Exercise brief
Print, from the listing below, the lines starting at the line containing "將原木風(fēng)的占比降" and ending at the line containing "Une vanne à", exactly as they stand, and print nothing else.

Records for this task
━━━

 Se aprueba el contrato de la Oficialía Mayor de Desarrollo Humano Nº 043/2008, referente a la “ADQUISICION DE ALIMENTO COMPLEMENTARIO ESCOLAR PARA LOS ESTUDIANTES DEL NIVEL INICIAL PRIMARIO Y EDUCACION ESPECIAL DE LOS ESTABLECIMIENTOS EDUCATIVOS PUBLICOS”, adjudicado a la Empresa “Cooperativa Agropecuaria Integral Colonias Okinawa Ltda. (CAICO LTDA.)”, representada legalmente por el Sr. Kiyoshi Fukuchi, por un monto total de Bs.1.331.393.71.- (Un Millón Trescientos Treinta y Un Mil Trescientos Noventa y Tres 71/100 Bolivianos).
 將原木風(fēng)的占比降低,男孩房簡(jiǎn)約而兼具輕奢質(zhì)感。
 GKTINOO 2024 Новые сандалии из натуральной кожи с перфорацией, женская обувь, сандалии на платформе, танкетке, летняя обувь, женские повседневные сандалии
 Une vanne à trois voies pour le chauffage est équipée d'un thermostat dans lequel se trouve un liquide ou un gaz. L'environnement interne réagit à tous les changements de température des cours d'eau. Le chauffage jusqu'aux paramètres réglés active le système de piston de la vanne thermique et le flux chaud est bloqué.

━━━

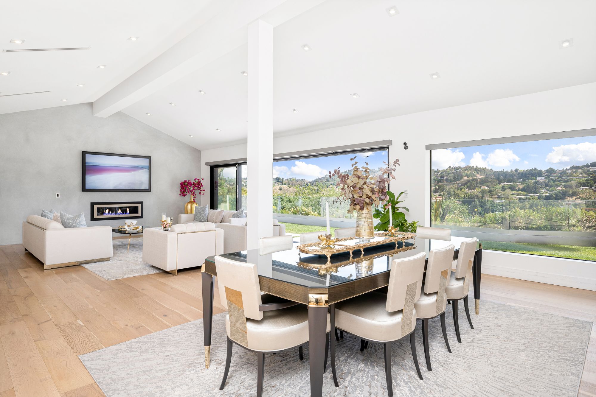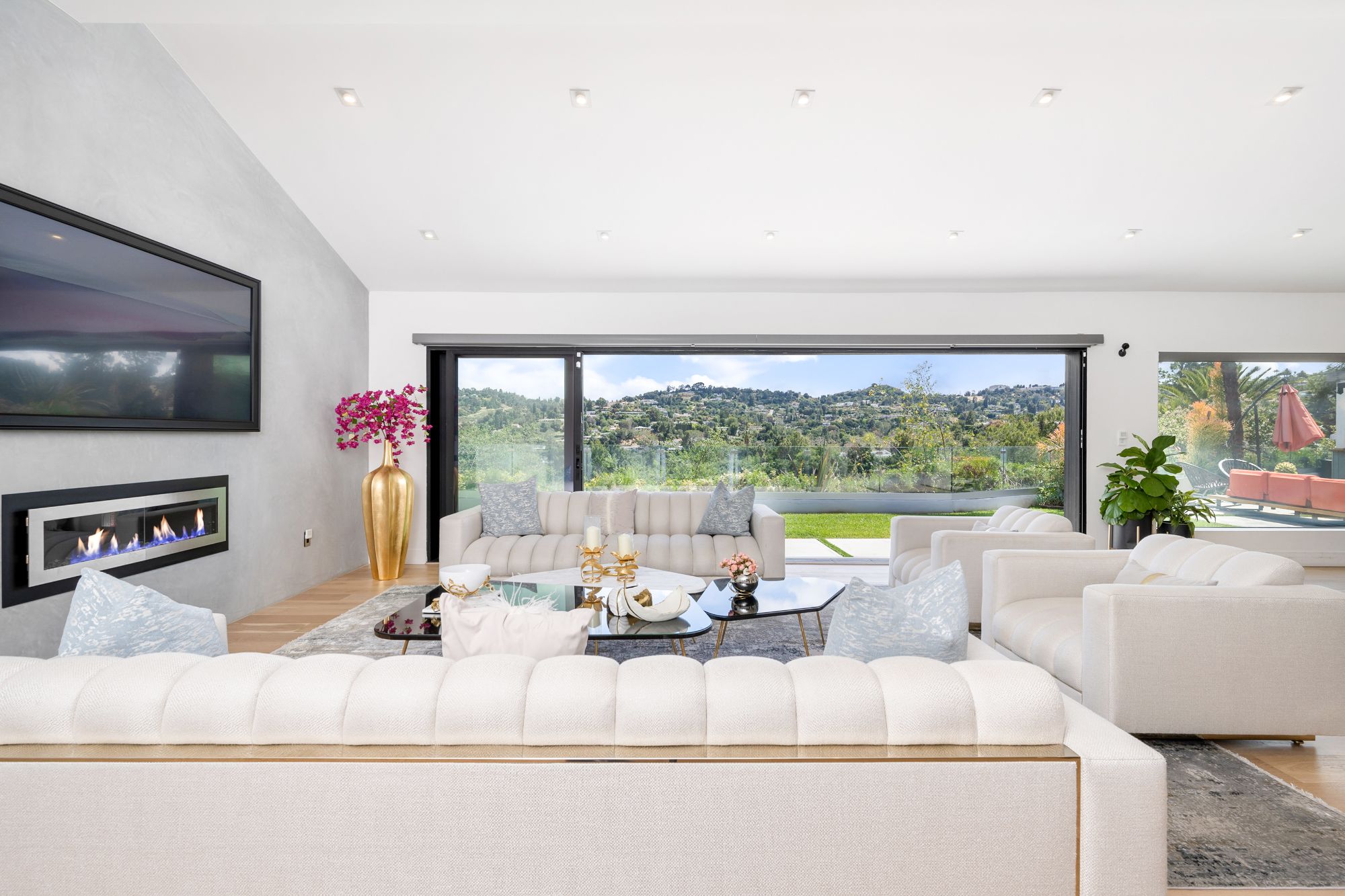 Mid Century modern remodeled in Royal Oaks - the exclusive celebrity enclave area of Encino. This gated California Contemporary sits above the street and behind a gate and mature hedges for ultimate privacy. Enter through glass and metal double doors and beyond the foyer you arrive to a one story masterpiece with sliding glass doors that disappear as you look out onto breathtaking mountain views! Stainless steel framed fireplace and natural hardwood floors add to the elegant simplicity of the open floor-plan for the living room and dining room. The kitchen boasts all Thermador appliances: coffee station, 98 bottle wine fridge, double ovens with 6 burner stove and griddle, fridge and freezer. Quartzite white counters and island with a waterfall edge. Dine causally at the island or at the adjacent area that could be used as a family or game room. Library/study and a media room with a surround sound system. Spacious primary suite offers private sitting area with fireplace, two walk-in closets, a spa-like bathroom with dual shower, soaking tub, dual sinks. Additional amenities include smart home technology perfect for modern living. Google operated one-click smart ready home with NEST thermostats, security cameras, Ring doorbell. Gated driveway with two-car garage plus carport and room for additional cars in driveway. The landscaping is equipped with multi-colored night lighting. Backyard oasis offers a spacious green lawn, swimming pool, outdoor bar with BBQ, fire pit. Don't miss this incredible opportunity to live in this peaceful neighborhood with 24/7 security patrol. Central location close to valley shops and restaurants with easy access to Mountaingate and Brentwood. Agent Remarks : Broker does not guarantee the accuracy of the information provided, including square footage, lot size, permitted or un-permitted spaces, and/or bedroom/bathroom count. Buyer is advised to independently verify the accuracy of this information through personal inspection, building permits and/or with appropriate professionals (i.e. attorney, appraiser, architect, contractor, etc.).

━━━

Result for this task
 將原木風(fēng)的占比降低,男孩房簡(jiǎn)約而兼具輕奢質(zhì)感。
 GKTINOO 2024 Новые сандалии из натуральной кожи с перфорацией, женская обувь, сандалии на платформе, танкетке, летняя обувь, женские повседневные сандалии
 Une vanne à trois voies pour le chauffage est équipée d'un thermostat dans lequel se trouve un liquide ou un gaz. L'environnement interne réagit à tous les changements de température des cours d'eau. Le chauffage jusqu'aux paramètres réglés active le système de piston de la vanne thermique et le flux chaud est bloqué.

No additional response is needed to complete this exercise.